Part of what makes my sad single self so wonderfully sad, is my ability to be completely dense when it comes to anything romantic involving myself. When it comes to others, I can see it clear as day. To quote the
classic amazing film that I have seen a lot because it is always on TBS, The Wedding Planner, starring none other than romantically challenged herself diva, Jennifer Lopez, “You know the expression. Those who don’t do teach? Well those who don’t wed plan!”
Well, I am basically ‘ole Jenny from the Block in the wedding planner, except no hot doctor is saving me from a dumpster rolling down the street to kill me. But I am that dense. If love was a dumpster it literally would have to run me over for me to notice it. I am basically that scene in Clueless where she is wandering around Bev Hills and then and the exact same moment the fountain goes off behind her in a triumphant cinematic moment, Cher realizes:
But Cher realizes BEFORE Tai does anything, before she has lost Josh! I seem to have these (far less triumphant moments…where is my special effects team to time fountains to my feelings??) when I actually realizes that someone has had any inkling of flirting, or whatever you could call toward me? Which is why I ask “A date or not a date?” (a la Hamlet, of course…although everyone did die in that. Hmmm.)

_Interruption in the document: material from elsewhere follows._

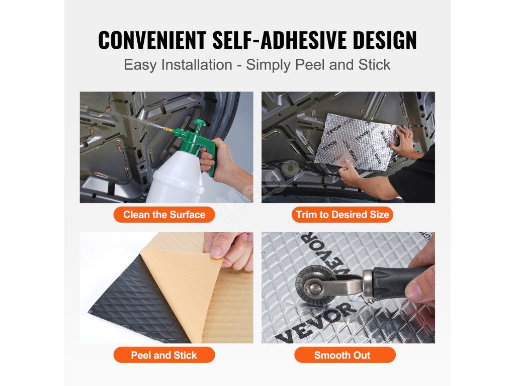 Naše sady zvukově izolačních rohoží jsou vybaveny vysoce pevným lepidlem, které nevyžaduje dodatečnou ruční aplikaci. Stačí odlepit podkladový papír a podložka bude pevně držet při vysokých i nízkých teplotách.

Some things I seem to be having a-ha moments about or can recognize when it happens to others that makes me go DATE:
1. If they show actual interest in you. This can often be misconstrued with someone asking questions simply to fill time. But if you have brought something up in conversation, and they remember it (!) by at least the end of the evening, this probably means they aren’t just filling time before they call their FWB.
2. If a guy offers to pay for your drink, and then keeps his tab open. This is a move that I often don’t realize is happening and offer to get the next round…don’t it will turn date into not a date.
3. If you are complimented on an object of clothing, hair, and/or eyes. Guys do not notice these things if they are not looking for SOME reason.
Any quickly realize it is NOT a date:
1. If an ex is mentioned in ANY way! Or worse, a CURRENT girlfriend! Or worse, a current BOYFRIEND! (I can be dense, but my gaydar is good at least).
2. If you have to go dutch on dinner! And even worse, if the guy doesn’t understand that you offering to pay is fake it makes you split…happened to a friend…ouch!
This is all I have so far…maybe the dense fog will start to clear for me a little? Let’s just hope the sun hasn’t already started to set once I can clearly see (ok, enough with the weird nature/romance metaphors). Happy dating/non-dating!